Shaw formed Damn Yankees in 1989 with Ted NugentNight Ranger singer/bassist Jack Blades and drummer Michael Cartellone, who went on to join Lynyrd Skynyrd. The band's self-titled 1990 debut went double platinum and spawned the No. 3 hit "High Enough." Its successor, 1992's Don't Tread, went gold and featured the power ballad "Where You Goin' Now," which reached No. 20 on the Billboard Hot 100. Damn Yankees briefly regrouped in 1999 to work on a third album that never saw the light of day, though they still got paid $1 million to shelve it.

Asked whether he would be open to even a one-off show with his former bandmates, Shaw said: "Michael is a permanent fixture in Lynyrd Skynyrd, and Damn Yankees without Michael Cartellone just wouldn't be right. And we [in Styx] do 90 to 120 shows a year, and you have to go home sometime. It's like having two wives, your two families."

Shaw said he's happy with the success Damn Yankees experienced during their brief tenure and doesn't feel the need to revisit it at the expense of Styx. "As far as I'm concerned, we had our day," he added. "We had big records; we sold a lot of records. We got a lot of airplay, and I just don't know how we would be able to fit all that in. I wouldn't want to tell the guys in my band, 'Sorry, guys. We can't play any shows for a few months.' 'Cause that's what everybody wants to do."

Shaw said playing in Styx these days feels "almost like a rebirth with the way we're going back and retooling the songs to where they all sound more like we haven't played them 2,000 times. They sound fresh again, 'cause we're putting them up on the racks and going, 'Oh, wow, we really changed this.

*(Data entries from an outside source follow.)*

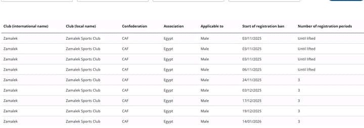 للمرة التاسعة، فيفا يعلن إيقاف قيد الزمالك ثلاث فترات جديدة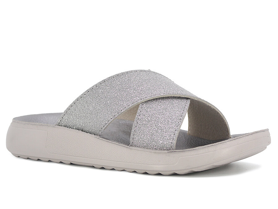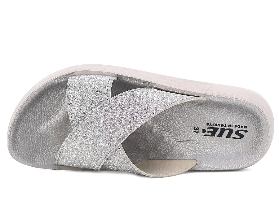 Sue Zenne 1354-Simli Çapraz Kutulu Enj. Günlük Terlik Gümüş
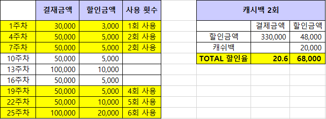 캐시백 2회를 최대 받기 위한 6회 쿠폰 사용을 충족시켰을 시 최종 68,000원을 할인받을 수 있습니다. 사용금액은 330,000원으로 최대 사용보다 많이 줄어들기 때문에 할인도 꽤 받으면서 이마트를 적당히 이용하시는 분들에겐 좋은 시나리오인 듯 싶습니다. 할인율은 계산상 20.6%가 나오네요.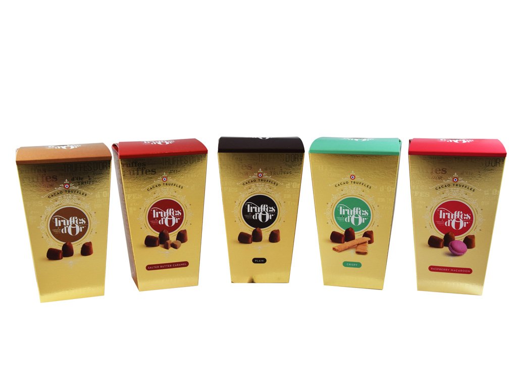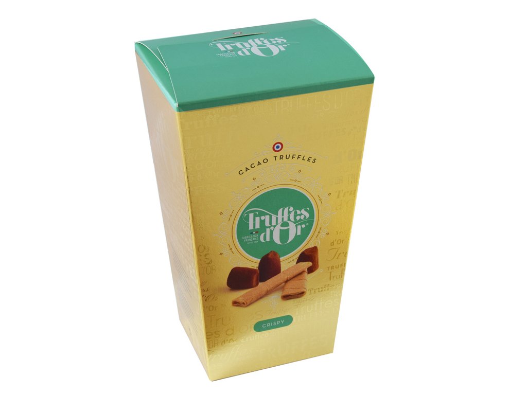 Delikátní francouzské kakaové lanýže s křupavými francouzskými palačinkami Crêpe dentelle v elegantní zlaté krabičce, ze „zlaté“ edice (d'Or = ze zlata) francouzské čokoládovny Mathez.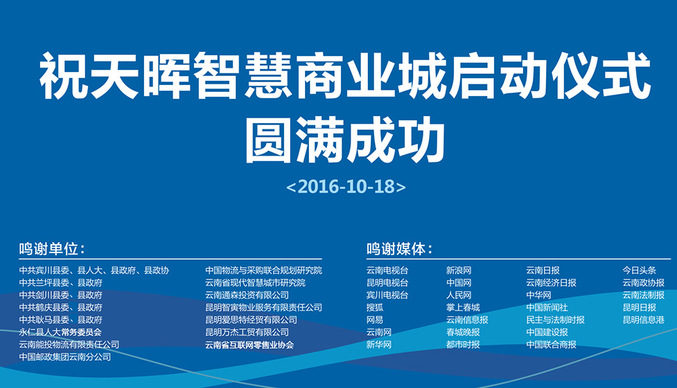 2016年10月18日,由云南天暉投資有限公司、云南天度投資集團有限公司和云南天暉城經(jīng)營管理有限公司聯(lián)合推出的“天暉智慧商業(yè)城”在大理賓川正式啟動。2017年1月19日,天暉城O2O眾創(chuàng)空間落戶賓川,大理州委常委、賓川縣委岳黎松書記、縣政府楊澤亮縣長、縣人大張成良主任、縣政協(xié)文慧君主席等相關(guān)領(lǐng)導(dǎo)及縣各部委辦局負責(zé)人參加了本次活動。

We didn't mean to change it, but after playing it 2,000 times, let's go back to how it sounds on the records' – because people listen to those records, and they can tell the difference."

Fans yearning for Damn Yankees classics can scratch the itch by seeing Night Ranger, who still cover the debut cuts "High Enough" and "Coming of Age." If Styx and Night Ranger were to share a bill in the future, Shaw said he wouldn't be opposed to staging a Damn Yankees half-reunion: "Any time we've played with Night Ranger, I've always gotten up and sung that with them."